O pombo atirador de elite - por Handerson Pessoa

A dona Neusa chegava a ser irritante com a sua mania de limpeza. Qualquer cisquinho pelo chão da sua sala limpa e asseada e lá vinha ela com sua vassourinha na mão. Sujeira por menor que fosse no seu carpete? Lá vinha a dona Neusa com uma vassoura de pia sava nas mãos. Não tinha aspirador. Carro então nem se fala. Era impecável. Completamente limpo, nenhum pó. Lavado de três a quatro vezes por semana, aspirado e perfumado. A dona Neusa não podia com bagunça, nem tampouco com sujeira.
Participava das reuniões organizada por um grupo de psiquiatras voluntários especializados em transtorno obssessivo-compulsivos e sempre que ia se sentar, passava um paninho embebido em álcool para limpar o assento e o espaldar. Lavava as mãos a cada dez minutos e entrava
em parafuso só de pensar que microorganismos poderiam invadir seu corpo. Tinha síndrome do pânico. Seu jardim estava completamente livre de ervas daninhas e suas luvas com as quais revolvia a terra eram sempre descartáveis. Era a versão feminina do famigerado detetive Monk.
Mas aconteceu que um dia a dona Neusa voltava de uma das suas sessões de terapia (como ela costumava chamar) e parou em um farol. Observava atentamente as vitrines das lojas com marcas de dedos nos vidros, e apertava com força o volante do carro, os nós dos dedos
chegando a ficar brancos, louca para entrar na loja somente para pedir para as vendedoras deixarem ela passar seu paninho com álcool nos vidros. Com os carros na rua era a mesma coisa. Era implacável com a sujeira, o seu currículo de caça-sujeira não tinha jaça.
O farol abriu e lá ia ela com seu imaculado automóvel pelo lado direito da pista. À sua frente todos os faróis estavam abertos e ela poderia pisar fundo no acelerador e chegar em casa o quanto antes.

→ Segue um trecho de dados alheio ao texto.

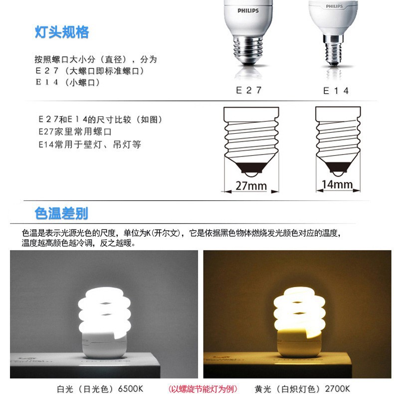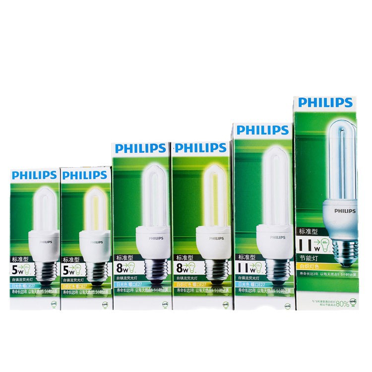 Энергосберегающая светодиодная лампа Philips с тремя цветами света, спиральная, с цоколем E27/E14, настольная лампа, U-образная люминесцентная лампа, энергосберегающая и экономичная.
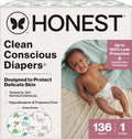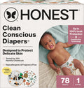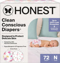 The Honest Company Clean Conscious Diapers for Delicate Skin, Up to 100% Leakproof Hypoallergenic Fragrance-Free Baby Diapers, Gender Neutral Prints, Club Box, Size Newborn, 72 Count (Prints May Vary)
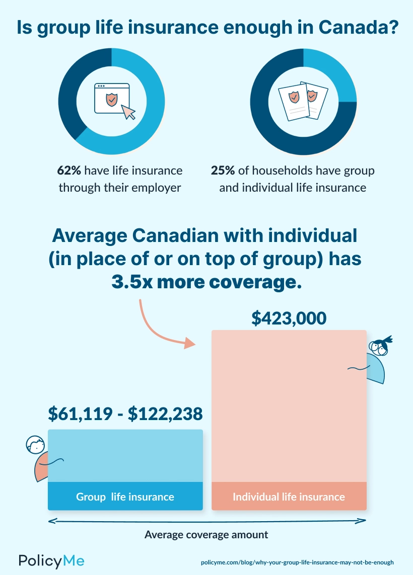 The average Canadian with an individual policy has approximately 3.5x more coverage than someone with only a group policy in place.
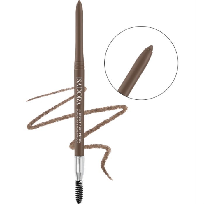 IsaDora The Brow Fix 24h Pencil är en vattenfast och kladdfri ögonbrynspenna som fyller och formar brynen, och som håller i upp till 24 timmar. The Brow Fix Longwear & Waterproof har en uppskruvbar penna för att ge en snabb och exakt ifyllning, och en mjuk borste med mikrostrån för att enkelt blenda och forma dina ögonbryn.
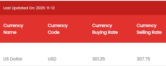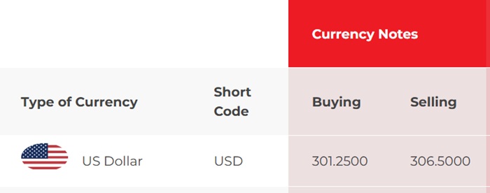 According to NDB Bank, the buying and selling rates of the US Dollar have increased from Rs. 300.90 to Rs. 301.25 and from Rs. 307.40 to Rs. 307.75, respectively.

Foi quando um humilde pombo que havia pousado em um dos fios da rede de alta tensão resolveu salvar a vida da dona Neusa. Carimbou o pára-brisas do veículo com uma precisão digna de atirador de elite, a diferença era que a sua arma...bem...era um tanto diferente. O projétil acertou em cheio o vidro do carro e dona Neusa quase em pânico com aquela sujeira enfiou o pé no freio, os carros buzinando atrás. Ignorou completamente o buzinaço dos veículos e ao abrir o porta-luvas para pegar um papel higiênico para limpar o vidro ouviu o estrondo. Um caminhão vermelho Scania, do tipo jamanta de 20 marchas atravessou o cruzamento no farol vermelho, e se chocou com o carro da faixa ao lado da que estava dona Neusa. O motorista estava sozinho no Fiesta verde abacate que ficou completamente destruído, mas ele
sobreviveu.
Dona Neusa boquiaberta viu que tinha sido salva pelo pombo. Jogou o papel na rua, pensando: Dane-se a rua com essa sujeira! entrou no carro e parou no primeiro lavajato que viu na frente. Como homenagem ao pombinho salvador ela foi a um viveiro de aves, comprou
duas dúzias de pombos brancos e pensou em levar para casa, mas sabia que não conseguiria conviver com a sujeira deles. Abriu as caixas e soltou todos.
Parou de fazer terapia, relaxou um pouco mais com a ordem e a limpeza da casa, começou a fumar e a não se importar com as cinzas pelo seu chão e era vista sempre roendo as unhas. Comecei a viver, ela dizia para quem quisesse ouvir. Fez drad no cabelo, uma tatuagem nas
costas, um grafite na parede do seu quarto e adotou um cachorro. Virou uma radical.